Insights into coke location of catalyst deactivation during in-situ catalytic reforming of lignite pyrolysis volatiles over cobalt-modified zeolites

TLDR: In this paper, the influence of hierarchical pores and metallic sites on the deposition and nature of coke and on its location in the channels or/and the outer surface of zeolites was investigated.

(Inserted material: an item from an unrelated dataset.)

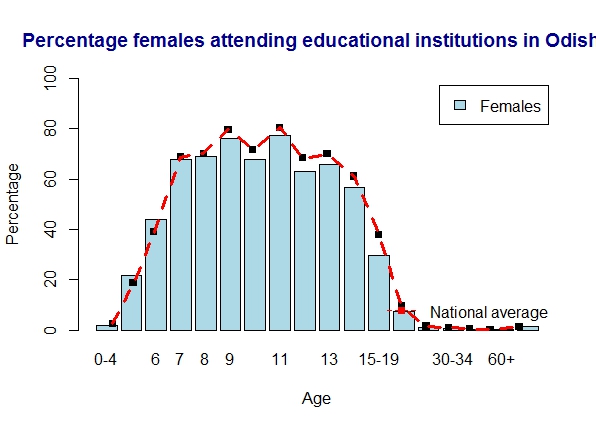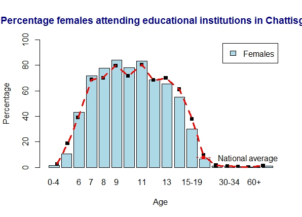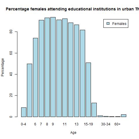 barplot(arunachalpercentF,names.arg=arunachalmat[1,],main ="Percentage females attending educational institutions in Arunachal Pradesh ",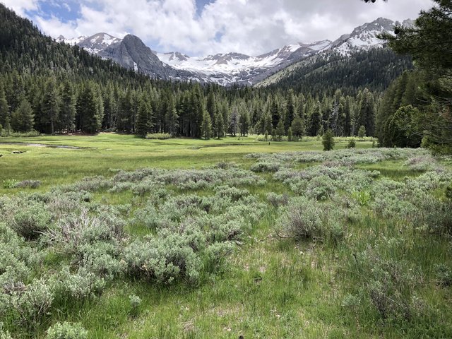 Before me was the greenest green grass you can ever hope to see ringed by snow- capped mountains against blue skies filled with fluffy clouds while the sound of rushing water in the nearby Kennedy Creek making its way toward the Stanislaus River combined with chirping birds to create a perfect high Sierra symphonic melody.

Abstract: HZSM-5, Co-incorporated HZSM-5 (3Co/Z5) and Co-incorporated hierarchical HZSM-5 (3Co/DZ5) were employed in catalytic reforming of volatiles from lignite pyrolysis in a drop bed reactor aiming at high yields of light aromatics. The co-effect of hierarchical pores and metallic sites on 3Co/DZ5 promoted the formation of benzene, toluene, xylene and naphthalene, and improved the service lifespan by decreasing coke formation. The influence of hierarchical pores and metallic sites on the deposition and nature of coke and on its location in the channels or/and the outer surface of zeolites was investigated. For 3Co/DZ5, the hierarchical pores retarded its deactivation by preventing internal coke formation while facilitating the external coke formation, owing to the reduced diffusion resistance of coke precursors (aromatic species) out of channels. The introduction of metallic sites brought the suppression of O-containing species depositing on zeolite. After continuous operation, the skeleton structures of both spent and regenerated catalysts were seriously damaged by coke deposition and sintering. The main causes of catalyst deactivation were assigned to two deactivating carbonaceous species with aromaticity and aliphaticity located on the inner pores and outer surface. The soluble long-chain aliphatics from coke extracts located on the outer surface were attributed to the decomposition of inherent aliphatic chain structure in lignite. The residual coke trended to graphite-like structure. The coking behavior was revealed by means of some technologies that the internal coke mainly had impact on the catalyst performance, especially for the insoluble aromatics with high polycondensation, whereas the external coke consumes the surface active sites, resulting in uninterrupted accumulation of coke precursors, eventually blocking the accessibility to channels.